--- START ---
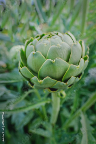 © jeancuomo, Obraz premium Close up of single globe artichoke vegetable growing naturally.
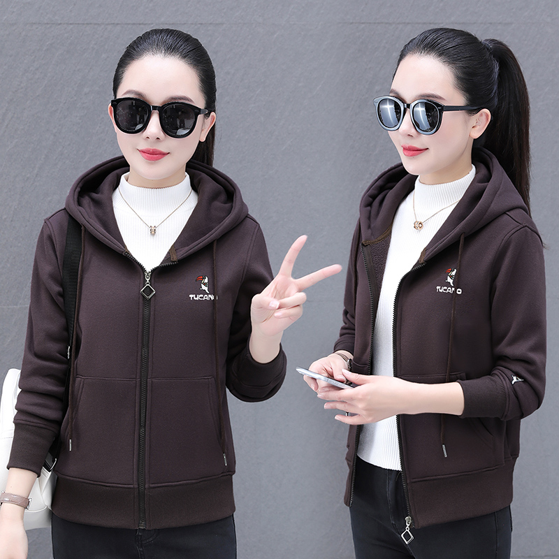 外套秋冬新款开衫连帽女时尚大码女装韩版外套 可二开 服裝批發女裝批發服飾貨源
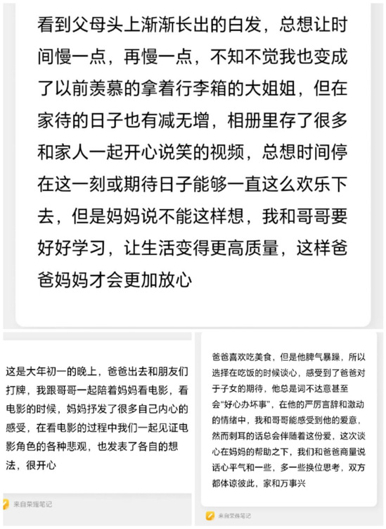 活动线上发起线下践行,感恩之花遍地开。2024级张同学精心烹饪“三菜一汤”团圆饭,让常年在外务工的父母感受到家的温暖;2024级金同学每日记录“亲情对话本”,通过与父母深度交流解开了两代人的心结;更有学生自发组建“家庭服务小分队”,包揽大扫除、年货置办等事务,用劳动分担父母辛劳。活动期间,同学们通过文字、图片或视频等形式记录,并分享了自己的感恩行动和感悟,一字一句饱含着对父母的深情,一帧一幕记录着成长的足迹。
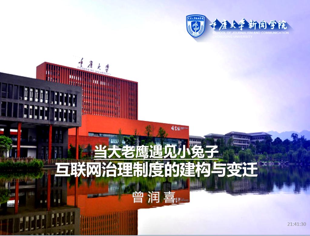 7月16日晚,网络与新媒体讲习班迎来最后一讲,曾润喜教授为全体学员带来题为“当大老鹰遇上小兔子——互联网治理制度的建构与变迁”的线上直播讲座。曾润喜教授是可乐小说网
--- END ---
Lines from the one that holds "活动线上发起线下践行,感恩之" through the final line of the material are to be duplicated exactly; no pictures belong in the copy.

■ Finished task
 活动线上发起线下践行,感恩之花遍地开。2024级张同学精心烹饪“三菜一汤”团圆饭,让常年在外务工的父母感受到家的温暖;2024级金同学每日记录“亲情对话本”,通过与父母深度交流解开了两代人的心结;更有学生自发组建“家庭服务小分队”,包揽大扫除、年货置办等事务,用劳动分担父母辛劳。活动期间,同学们通过文字、图片或视频等形式记录,并分享了自己的感恩行动和感悟,一字一句饱含着对父母的深情,一帧一幕记录着成长的足迹。
 7月16日晚,网络与新媒体讲习班迎来最后一讲,曾润喜教授为全体学员带来题为“当大老鹰遇上小兔子——互联网治理制度的建构与变迁”的线上直播讲座。曾润喜教授是可乐小说网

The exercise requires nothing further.